Are fundamental forces, forces or net forces?

The electrostatic force or the electric field (force per unit of charge) is the force the charges feel. It's not the net force of many forces, since it's the only force.

A force field is a function from the space variables (points in space) which returns the force (in the form of a vector) at that point. The other points in space, where the charge isn't, aren't feeling any "force", nor those "forces" aren't having any effect in the charge. The field is just a construction for representing the (net, if there is more than 1 charge) electric force at each point.

The force between two point charges IS defined as a single force acting along the line joining them , but that between two distributions of point charges or one distribution and one point charge is a Net force according to the superposition principle. Because we can not break the smallest force between two point charges to a sum of other elementary forces , since we already assumed that it is a point charge and that its dimensions are very small, at least in theory. I hope I answered your question.

Thinking about it again, your interpretation is actually a little interesting as an intuitive explanatory picture. It is a (not often discussed, as far as I know) corollary of the shell theorem that results when you combine it with Newton's laws, particularly the third law.

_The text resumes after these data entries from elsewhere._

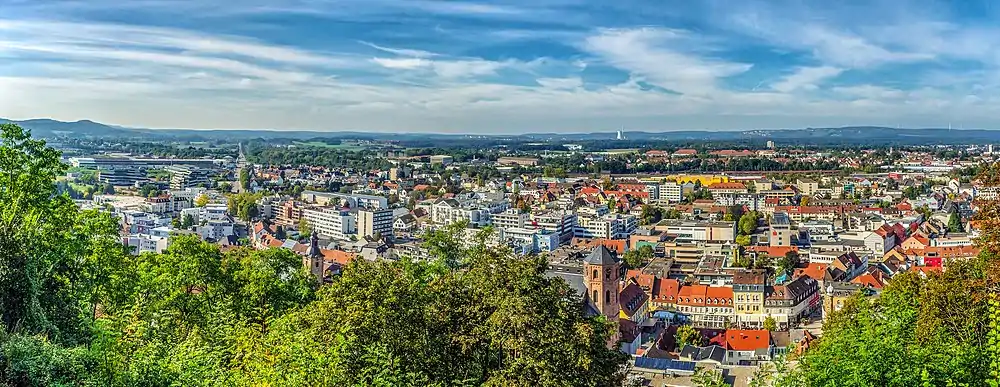 Homburg (German pronunciation: [ˈhɔmbʊʁk] ; French: Hombourg, [ɔ̃buʁ]; Palatine German: Humborch) is a town in Saarland, Germany and the administrative seat of the Saarpfalz district. With a population of 43,029 inhabitants (2022),[3] it is the third largest town in the state. The city offers over 30,000 workplaces. The medical department of the University of Saarland is situated here. The city is also home to the Karlsberg beer brewery. Major employers include Robert Bosch GmbH, Schaeffler Group and Michelin.
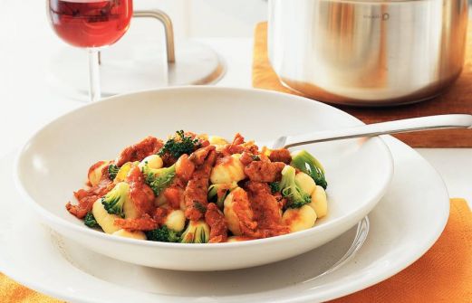 Ingrediënten 1 broccoli 1 varkensschnitzel 4 plakjes ontbijtspek 2 eetlepels boter 4 eetlepels rode wijn 1 pakje sugo traditionele (pastasaus, 470 g) 1 theelepel gedroogde salie 1 pak gnocchi di patate (aardappel-pastaballetjes, 500 g) zet a [...]
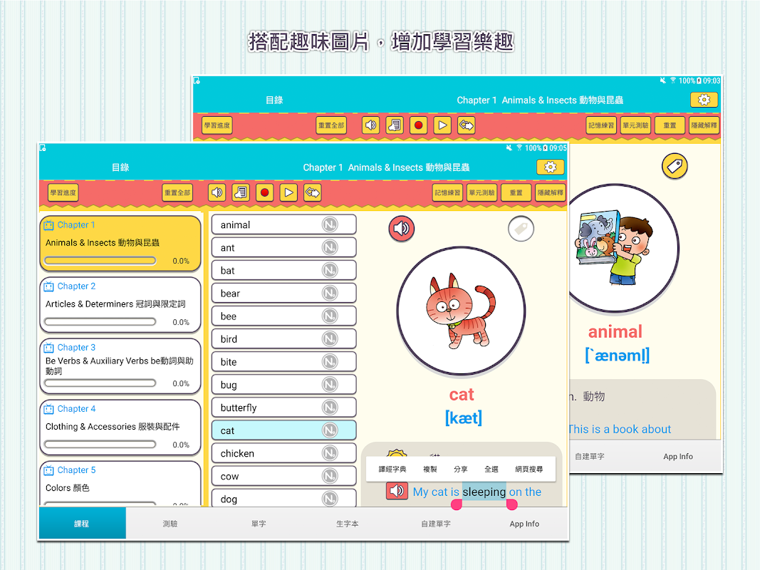 * 可自建使用者單字,並且作記憶和測驗練習。
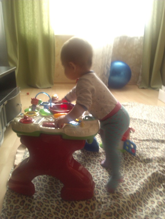 Мой танцевать под музон любит. А еще лего мое спасение. Я что нибудь собираю, а малой рядом копошится.

Newton's third law says that every force has an equal reaction force. Thus, when we integrate over a spherically symmetric shell as in the shell theorem, we can similarly be integrating over this reaction force (i.e. the force on that point of the shell due to the external charge). We're able to translate these reaction forces to the center of the sphere, because:

  1. Each force has partner on the other side of the axis that connects the sphere's center to the external particle, so we can translate these forces to that axis without changing the torque on the rigid spherical body.
  2. Once the forces are on the central axis, and cancel with their partner, it is clear they do not torque the axis of symmetry, so we can translate them across the axis to the center of the sphere.

These forces will add in superposition, and the result, by Newton's third law, is that the force on the shell equals the Coulombic force imparted on the external charge, but in the opposite direction, exactly as if the shell were a point charge located at the center.

The important thing is that the shell isn't made to spin, or anything. (Although that is a simple consequence of $\nabla\times\mathbf{E}=0$.)

Once you add a bunch of external charges outside, this simple view still holds in superposition.

So this shows that you can think about the classical electrostatic force as a net force, as long as that force acts on a spherically symmetric charge distribution with the same total charge as the point charge, and all external charges are outside the radius of that ball.

Intuitive Explanation

Let's look back at your picture, and the above connects with an intuitive picture of the field lines.

First, you blow up the point charge to a finite size (as discussed above), so you can see the difference in electric field line densities across its surface. (Although it's not too important, note that inside, the field will appear as how things would be if the point charge was not there in the first place.)

Because each field line starts at a positive charge, and ends at a negative charge, we can imagine each field line as a "tug" on the charged particle. (For negative charges, the tug on it is in the opposite direction as the arrow on field line.)

For a charge in free space those field lines go out to infinity, and they are tugged equally in all directions. (Hence, not at all.)

When a positive and a negative charge approach each other, the field lines deflect toward one another, and the net tug on each particle is attractive.

When charges of equal sign approach each other, the field lines deflect away from each other, and the net tug on each particle is repulsive.

As long as you still draw the electric field lines such that they follow Maxwell's equations (i.e. get the divergence right, have no curl), I am fairly confident this intuitive picture should hold in the electrostatic case for point charges.

I still think it's easier just to stick to the Coulombic force, but your idea can lead to a nice picture, as I've tried to (non-rigorously) show.

(Note: I cleaned up this answer in an edit, adding the "proof sketch" at the beginning.)